Geographic IP filtering is a fundamental network security practice: blocking or allowing traffic based on the country of origin of the source IP address. For self-hosted infrastructure, this means automatically maintaining nftables rulesets that block entire countries, protect services from specific regions, or whitelist traffic from trusted locations only.
In this guide, we compare three open-source tools for building and managing GeoIP-based nftables firewall rules: nft-geo-filter, nftables-geoip, and geoipsets. Each takes a different approach to the same problem — translating country codes into nftables sets of IP network ranges.
Why GeoIP Firewall Filtering?
Geographic IP filtering serves several practical security and operational purposes:
Attack Surface Reduction: The majority of automated attacks — brute-force SSH attempts, port scans, web application exploits — originate from a small set of countries. By blocking traffic from regions where you have no legitimate users, you dramatically reduce the volume of malicious connections your infrastructure must handle.

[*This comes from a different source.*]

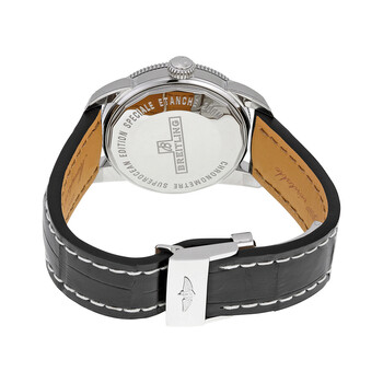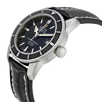 Stainless steel case with a black crocodile leather strap. Uni-directional rotating stainless steel bezel with a black top ring. Black dial with luminous hands and index hour markers. Minute markers around the outer rim. Dial Type: Analog. Luminescent hands and markers. Date display at the 3 o'clock position. Automatic movement with a 40 hour power reserve. Scratch resistant sapphire crystal. Screw locked crown. Solid case back. Case diameter: 42 mm. Case thickness: 13.60 mm. Round case shape. Band width: 22 mm / 20 mm. Deployment clasp. Water resistant at 200 meters / 660 feet. Functions: date, hour, minute, second. Luxury watch style. Watch label: Swiss Made. Item Variations: A1732124/BA61 744P-A20D.1. Breitling Superocean Heritage 42 Automatic Black Dial Black Leather Men's Watch A1732124-BA61BKCD.

Compliance Requirements: Some regulations require that certain services only be accessible from specific jurisdictions. Financial services, healthcare systems, and government applications often need geographic access controls to comply with data residency requirements.
Bandwidth Conservation: For services with limited bandwidth, blocking high-volume regions that do not contribute meaningful traffic can reduce costs. This is especially relevant for content delivery, API services, and torrent trackers.
DDoS Mitigation Layer: While GeoIP filtering is not a complete DDoS defense, it provides an effective first layer of filtering that reduces the attack surface before more sophisticated mitigation systems engage.
For related reading on firewall management, see our comprehensive firewall management guide and UFW vs firewalld vs iptables comparison. If you need geographic data for other purposes, check our GeoIP databases guide.
Understanding nftables Sets
Before comparing tools, it helps to understand how nftables handles IP address sets. Unlike iptables, which processes rules sequentially, nftables uses sets — hash-based data structures that enable O(1) lookup of IP addresses. This makes nftables ideal for GeoIP filtering, where you may need to match against thousands of IP ranges.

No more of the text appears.